OPTIONS TRADING IN STOCK MARKET

“Share Market”. All of us heard about it and we know that if you have the knowledge of it, you can make lot of money from it. In share market, there are lots of ways to earn money. I also want to discuss with you a major money making idea. It is OPTIONS. I show you how you make a profit from stock, either its price increase or decrease.

Options are hedging/investment instruments, which allow the buyer the right but not the obligation to buy/sell the underlying stock/ index. The buyer of the option incurs a charge for this right, which is referred to as the “Premium”. The option writer or seller is the other party to such a contract who earns the premium.

We play it by two ways:-
1) Call Option.
2) Put Option.

Call Option: - It is a right but not obligation to buy a particular asset at a pre-specified price. Let’s take an example:

Mr. X buys a stock call option at Rs.1000 strike price at end month by paying a premium of Rs.10. Now he has a right but not obligation to buy stock at the end of month at a price of Rs1000.

Suppose the stock at the end of month is:-

Ø Rs.1100 then Mr. X buys it at Rs.1000 as he has a right to buy it at Rs.1000 and makes a Profit: -Rs. (1100-1000-10) = Rs.90.
Ø Rs.900 then Mr. X does not but it and book a Loss: - Rs.10 (premium amount).

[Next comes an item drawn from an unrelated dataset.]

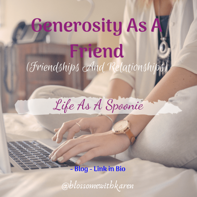 I’ve been thinking about friendships that I’ve being a part of and I find myself feeling very hurt and disappointed with the conduct of the other individual and I’ve been examining the cause of my frustrations and unhappiness and in so doing, generosity has come up over and over again, hence me writing about it.

This is how Mr. X makes a profit. In case of Call Option, his loss is limited but profit is unlimited, if price of share increase. In case stock price is below Rs.1000, he buys stock from market and book a loss of premium amount. But, if stock price is more than Rs.1000, he can buy it for Rs.1000 and book a profit of amount which is more than Rs.1000.




Put Option: - It is a right but not obligation to sell a particular asset at pre-specified price. Again let’s take example of Mr. X:

This time Mr. X buys a stock put option at Rs.1000 strike price at the end month by paying a premium of Rs.10. Now he has a right but not obligation to sell stock at the end of month at a price of Rs.1000.

Suppose the stock after one week is:-

Rs.1100 then Mr. X doesn’t sell it and book a Loss: - Rs.10 (premium amount)
Rs.900 then Mr. X sells it at Rs.1000 and book a Profit: -Rs. (1000-900-10) = Rs.90

This is again how Mr. X makes a profit. In case of Put Option, loss is limited but profit is unlimited, if price of share fall. As if stock price is more than Rs.1000, then Mr. X sells stock in market at a price more than Rs.1000 and book a loss of premium amount. But, if stock price is less than Rs.1000, he can sell it for Rs.1000 and book a profit.

Note: - As you see, it is very easy to make money with the help of “OPTIONS”. There is equal chance of losing money in “Options Trading”. So, before going to make money out of it; please do some research regarding how it works in your favor?